Por Ángel Cabezas
La Real academia de la lengua define la ambición como “Deseo ardiente de conseguir poder, riquezas, dignidades o fama”. Partiendo de este concepto me permito adentrarme en un terreno cenagoso, en el que es probable encontrar a seres “humanos” que han decidido instalarse en una burbuja vergonzante de exclusividad, con la inmaculada intención de humillar y utilizar al resto de cuantos conforman su especie. Pueden creerme, esta es una parte significativa del universo en el que por ahora vivimos, esa que unos cuantos han adulterado en origen, pese al paso de los tiempos, para someter a la mayoría.

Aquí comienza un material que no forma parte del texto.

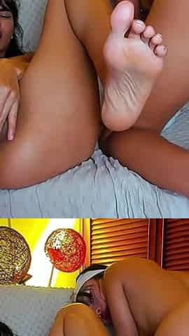 FREE two Camgirl stuffing 9.5 inch vibrator inside her butt!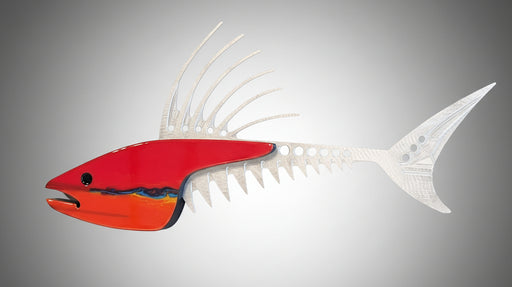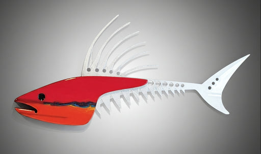 • A wall-mounted sculpture of a red and white fish with a fiery-red metal design and surf-inspired stripe, crafted from aluminum, maple, and epoxy.

Personalmente sitúo a los así piensan en un espacio que defino como “ambición mental”, porque se sienten conminados reiteradamente a demostrar que son los mejores y más capaces, a sentirse superiores y privilegiados, a creerse objeto de todo tipo de miradas, a pensar que perciben señales que revelan admiración y envidia, a considerar que saborear el triunfo les hace únicos y diferentes, por encima del resto de los mortales. Este es el gran error de la sociedad actual, fomentar desde la infancia la competencia por acaparar poder y riqueza material, para ver disminuidos, cuando no inutilizados, los principios, los valores y el patrimonio personal que cada uno de nosotros lleva consigo y que constituye nuestro preeminente, único y verdadero aval.
Desgraciadamente, la carta de presentación no siempre concuerda con la realidad. Más bien podría sentenciar, que casi nunca. El escaparte, el envoltorio, es en la mayor parte de las ocasiones un fraude, una mentira. Esto es muy fácil de adivinar cuando mantienes un diálogo e intentas ahondar y sólo encuentras fachada protectora y un descomunal vacío de actitudes altruistas abandonado a su suerte. La superficialidad impregna cada rincón del mundo a sabiendas de que su reclamo es una trampa que, eso sí, a veces produce los resultados esperados por aquel que la encarna. La acumulación de bienes se ha convertido en la principal finalidad de muchos sujetos “inteligentes” pero que conviven en plácida armonía con la ignorancia y la tontería supina. Además no dudan en colgarse una coraza, símbolo de su cobardía, para no exponerse a sufrir ataques que puedan poner en riesgo sus defectos, imperfecciones y debilidades, y se empeñan en mantener la distancia necesaria con quienes juzgan inferiores además de ordinarios.
Es evidente que lo que prima es el individualismo, el “yo” sobre lo demás. Pueden creerme, siento lástima por aquellos que manifiestan síntomas inequívocos de haber sido absorbidos por esta realidad porque no hacen sino alejarse del conocimiento profundo de sí mismos. Sin apenas capacidad para la reflexión, revolotean en un mundo irreal e imaginario, perdidos entre la variopinta encrucijada en la que se han decidido instalar, rechazando la oportunidad de conocer a otros seres humanos, quizá menos ricos que ellos en lo intrascendente, pero seguramente con la humildad que otorga la virtud de mantener en todo momento los pies en la tierra.
Sin embargo, yo he decidido apostar por la “ambición procedente del corazón”, ya que es la que puede acercarnos al camino de la estabilidad emocional, la tranquilidad de conciencia y la felicidad. Me convence por su pureza y transparencia, y porque no compite con nadie ni causa daño alguno. La solidaridad, el amor, el sentido común, la humanidad, la empatía y la generosidad se convierten en sus grandes aliados. El mundo que habitamos no necesita de individuos que no aportan absolutamente nada a la comunidad que habitan, que no están dispuestos a emprender ningún esfuerzo que pueda beneficiar a otros que no sean ellos, a todos cuantos idolatran al dinero como icono de una personalidad inhumana, codiciosa, mezquina y, en algunos casos, miserable.
Por eso algunos optamos sin reservas por la teoría del ser frente a la del tener, porque cuantos se afanan en mostrarnos con empecinamiento lo mucho que poseen y lo bien que viven, no hacen sino dejar al aire sus carencias más extraordinarias en el ámbito personal. Tuvieron la posibilidad de decidir, pero se apartaron voluntariamente, seguramente por orgullo y arrogancia, del espíritu que debiera haber marcado su propia existencia.